(Information supplied begins)
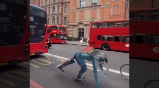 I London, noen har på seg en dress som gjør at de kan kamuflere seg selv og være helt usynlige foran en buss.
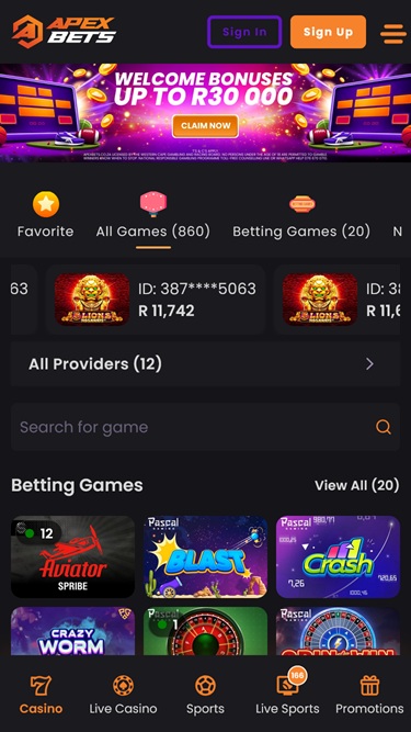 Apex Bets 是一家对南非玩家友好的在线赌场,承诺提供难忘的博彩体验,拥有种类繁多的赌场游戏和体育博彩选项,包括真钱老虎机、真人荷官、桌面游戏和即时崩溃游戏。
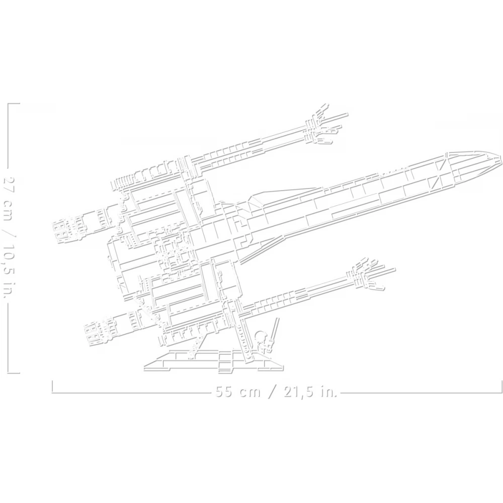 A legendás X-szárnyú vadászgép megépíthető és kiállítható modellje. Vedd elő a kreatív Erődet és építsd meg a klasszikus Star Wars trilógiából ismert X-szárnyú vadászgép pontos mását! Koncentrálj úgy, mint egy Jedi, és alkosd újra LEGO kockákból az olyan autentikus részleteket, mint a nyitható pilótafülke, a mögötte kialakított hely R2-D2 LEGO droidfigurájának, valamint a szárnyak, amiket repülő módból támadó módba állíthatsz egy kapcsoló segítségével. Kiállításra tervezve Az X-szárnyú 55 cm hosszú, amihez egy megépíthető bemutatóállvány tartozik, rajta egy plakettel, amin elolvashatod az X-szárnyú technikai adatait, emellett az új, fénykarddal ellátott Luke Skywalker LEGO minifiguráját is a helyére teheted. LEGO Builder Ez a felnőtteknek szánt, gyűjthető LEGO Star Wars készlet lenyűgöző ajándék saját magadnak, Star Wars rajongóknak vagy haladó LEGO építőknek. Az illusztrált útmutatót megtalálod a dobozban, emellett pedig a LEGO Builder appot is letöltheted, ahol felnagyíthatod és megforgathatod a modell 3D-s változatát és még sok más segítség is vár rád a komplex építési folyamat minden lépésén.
(Information supplied ends)
Your objective |
All of the material above is to be retyped verbatim, with its pictures omitted.

Response area |
 I London, noen har på seg en dress som gjør at de kan kamuflere seg selv og være helt usynlige foran en buss.
 Apex Bets 是一家对南非玩家友好的在线赌场,承诺提供难忘的博彩体验,拥有种类繁多的赌场游戏和体育博彩选项,包括真钱老虎机、真人荷官、桌面游戏和即时崩溃游戏。
 A legendás X-szárnyú vadászgép megépíthető és kiállítható modellje. Vedd elő a kreatív Erődet és építsd meg a klasszikus Star Wars trilógiából ismert X-szárnyú vadászgép pontos mását! Koncentrálj úgy, mint egy Jedi, és alkosd újra LEGO kockákból az olyan autentikus részleteket, mint a nyitható pilótafülke, a mögötte kialakított hely R2-D2 LEGO droidfigurájának, valamint a szárnyak, amiket repülő módból támadó módba állíthatsz egy kapcsoló segítségével. Kiállításra tervezve Az X-szárnyú 55 cm hosszú, amihez egy megépíthető bemutatóállvány tartozik, rajta egy plakettel, amin elolvashatod az X-szárnyú technikai adatait, emellett az új, fénykarddal ellátott Luke Skywalker LEGO minifiguráját is a helyére teheted. LEGO Builder Ez a felnőtteknek szánt, gyűjthető LEGO Star Wars készlet lenyűgöző ajándék saját magadnak, Star Wars rajongóknak vagy haladó LEGO építőknek. Az illusztrált útmutatót megtalálod a dobozban, emellett pedig a LEGO Builder appot is letöltheted, ahol felnagyíthatod és megforgathatod a modell 3D-s változatát és még sok más segítség is vár rád a komplex építési folyamat minden lépésén.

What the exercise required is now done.